* [Exercise brief]:
Write out, word for word and with no pictures, each line below from the one containing "Met deze in" through the one containing "Al volver al", both included, and no other line.

* [Data shown]:
┏━━

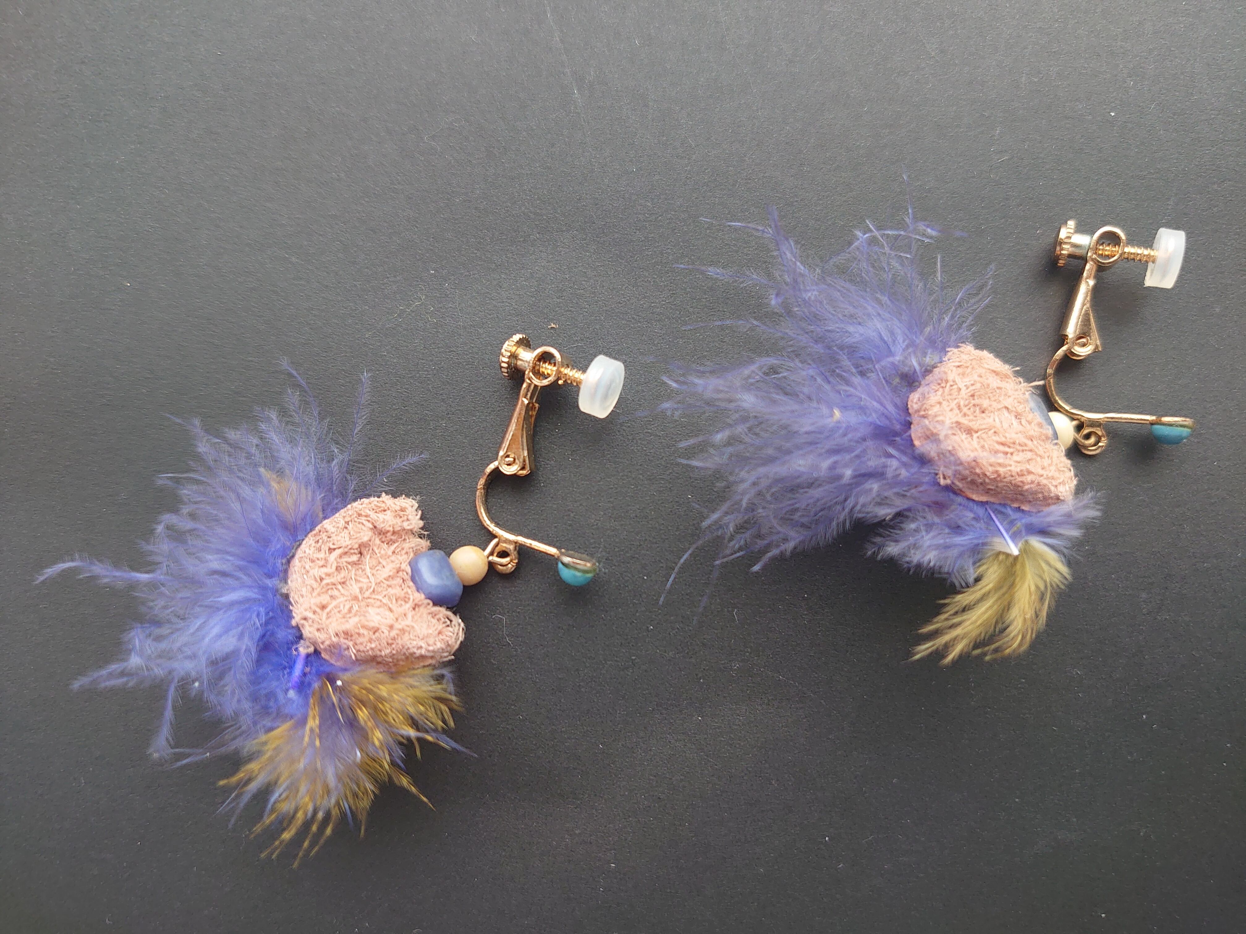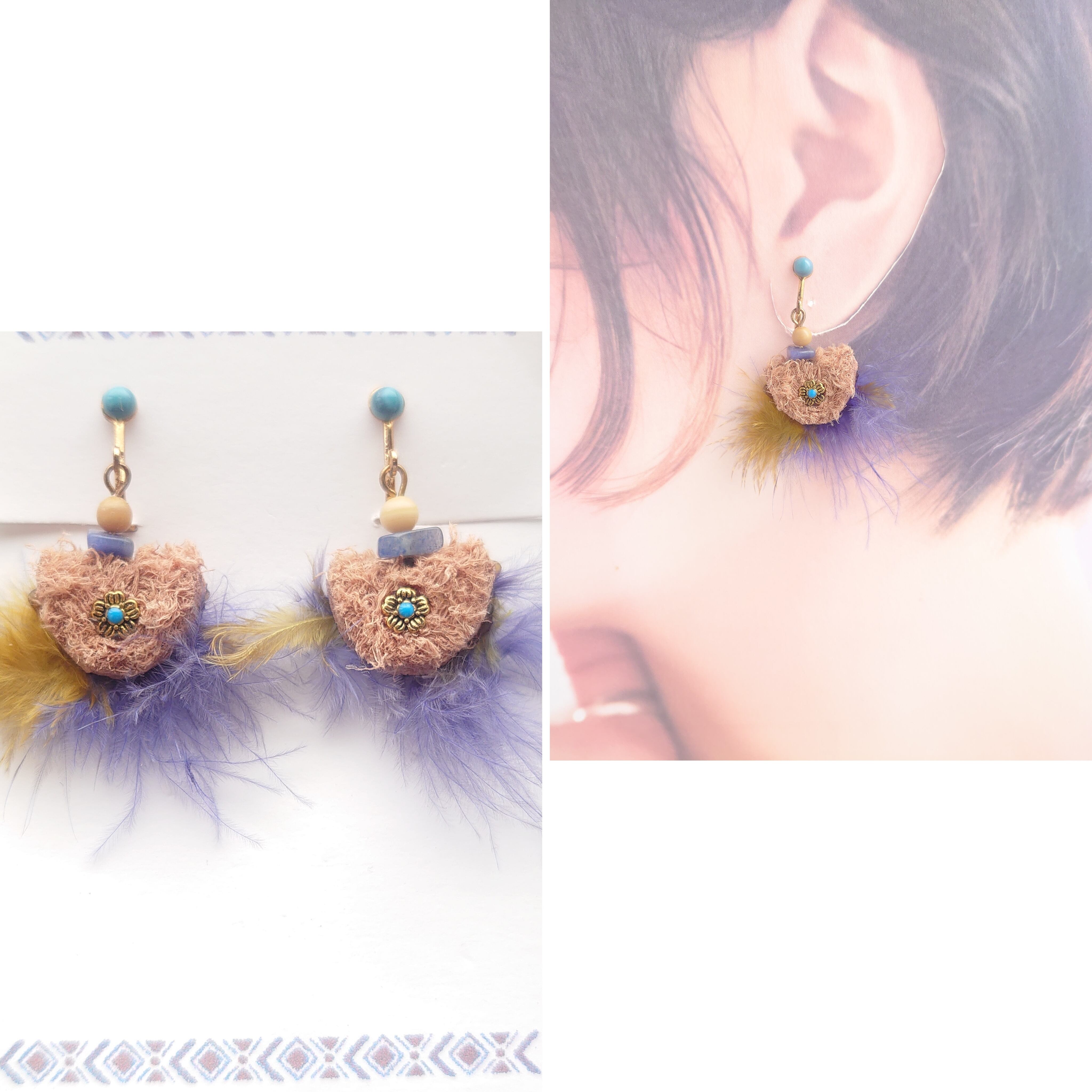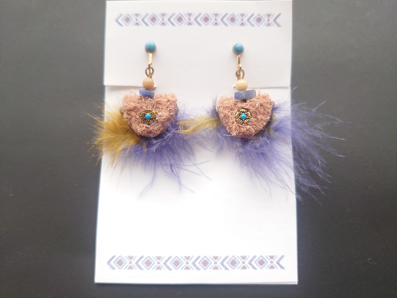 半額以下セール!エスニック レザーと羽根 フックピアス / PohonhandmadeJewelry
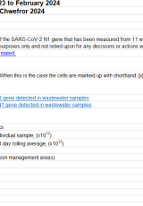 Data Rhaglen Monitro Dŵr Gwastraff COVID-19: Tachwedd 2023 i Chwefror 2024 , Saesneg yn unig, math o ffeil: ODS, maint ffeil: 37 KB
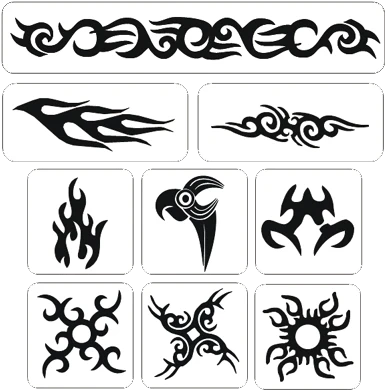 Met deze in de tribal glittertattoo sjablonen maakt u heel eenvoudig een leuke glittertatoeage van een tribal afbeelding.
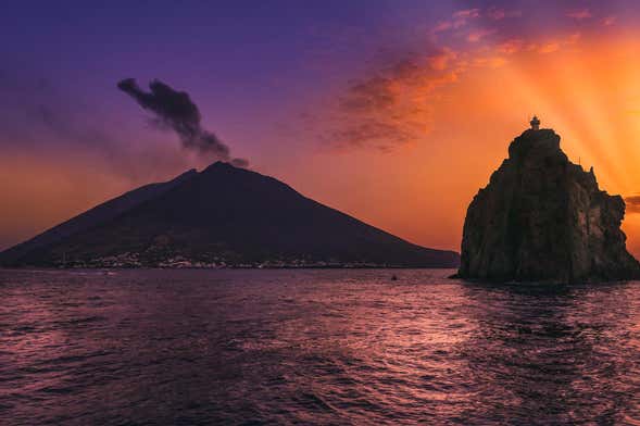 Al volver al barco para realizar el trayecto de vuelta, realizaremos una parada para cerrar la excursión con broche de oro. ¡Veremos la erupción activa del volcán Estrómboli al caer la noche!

┗━━
┏━━

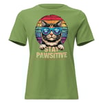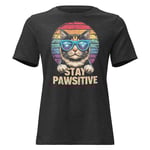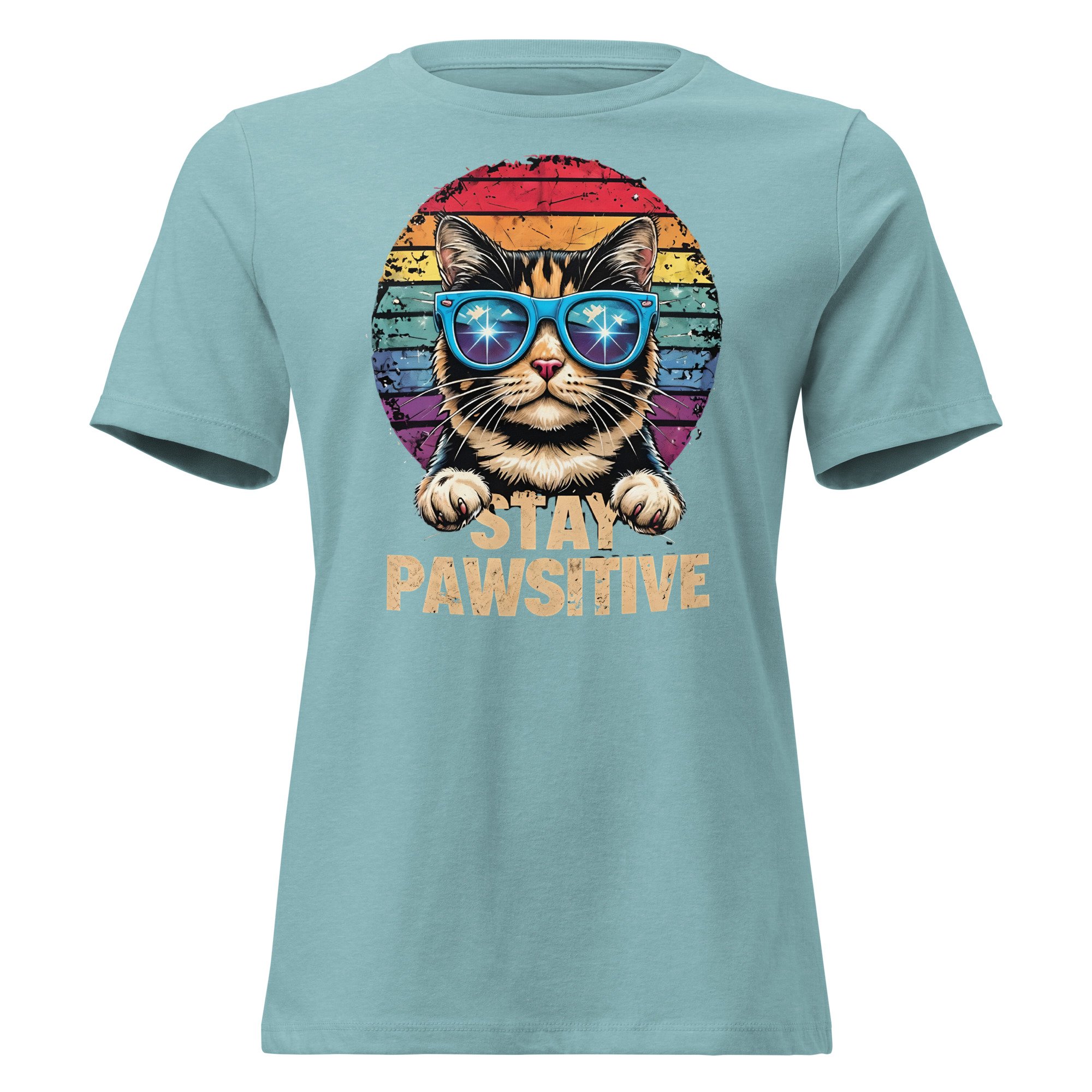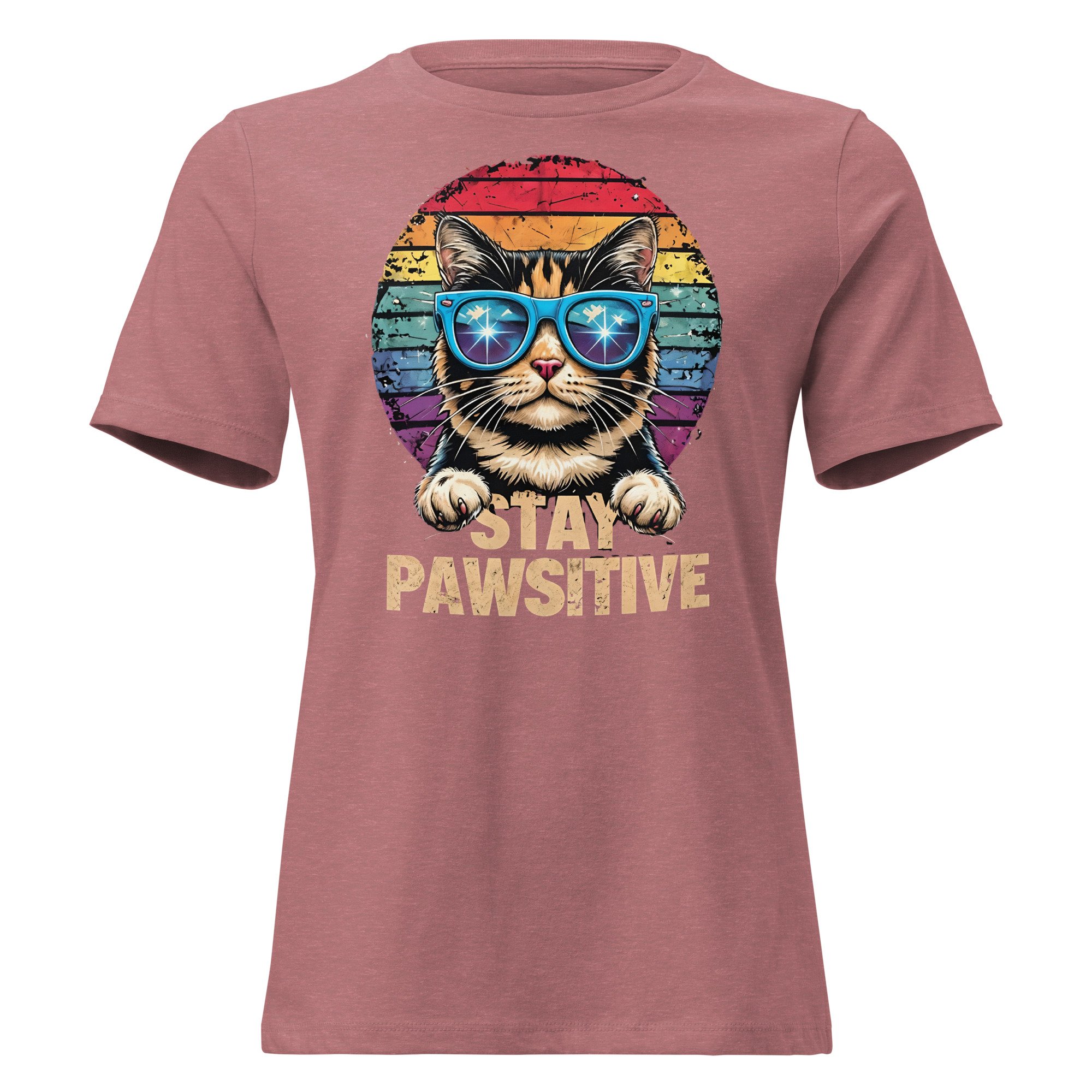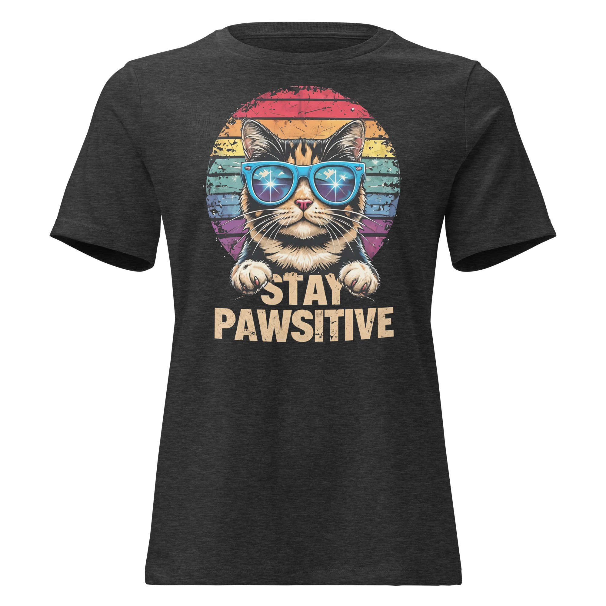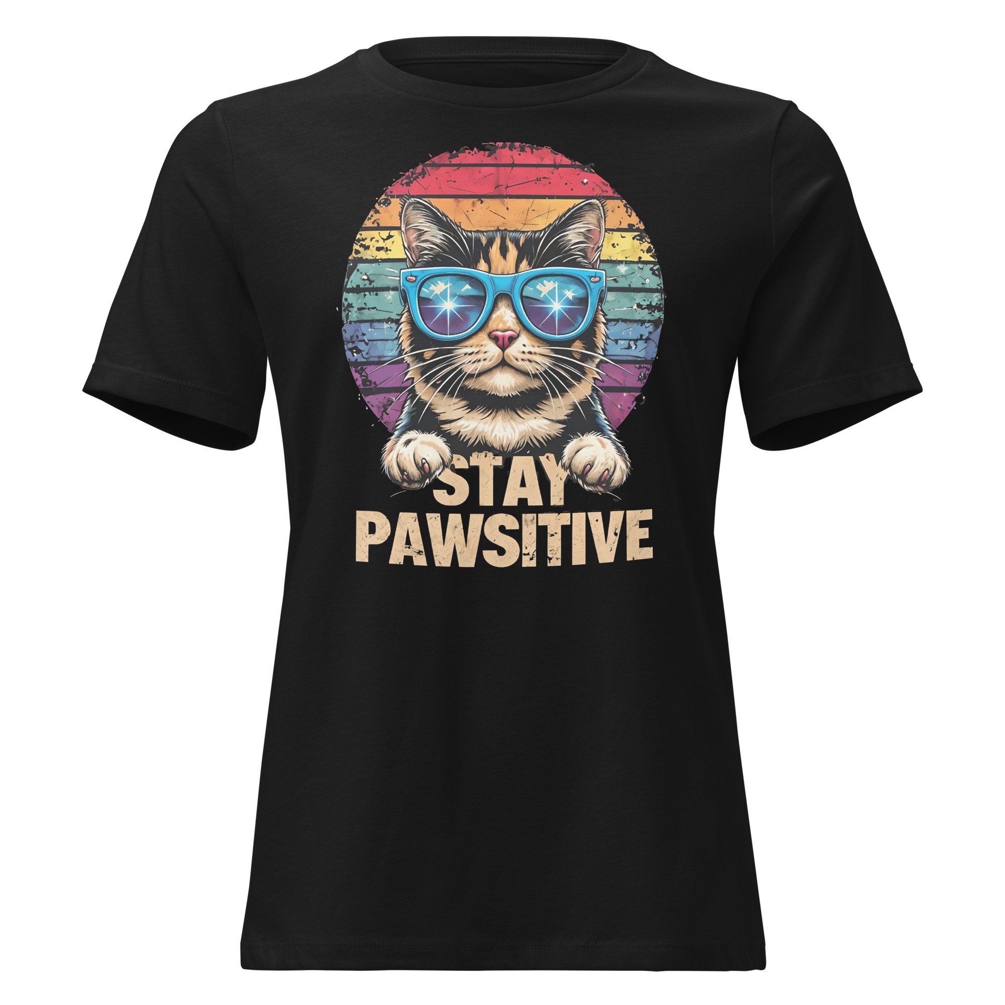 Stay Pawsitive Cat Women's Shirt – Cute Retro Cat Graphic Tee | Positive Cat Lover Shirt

┗━━

* [Answer for this exercise]:
 Met deze in de tribal glittertattoo sjablonen maakt u heel eenvoudig een leuke glittertatoeage van een tribal afbeelding.
 Al volver al barco para realizar el trayecto de vuelta, realizaremos una parada para cerrar la excursión con broche de oro. ¡Veremos la erupción activa del volcán Estrómboli al caer la noche!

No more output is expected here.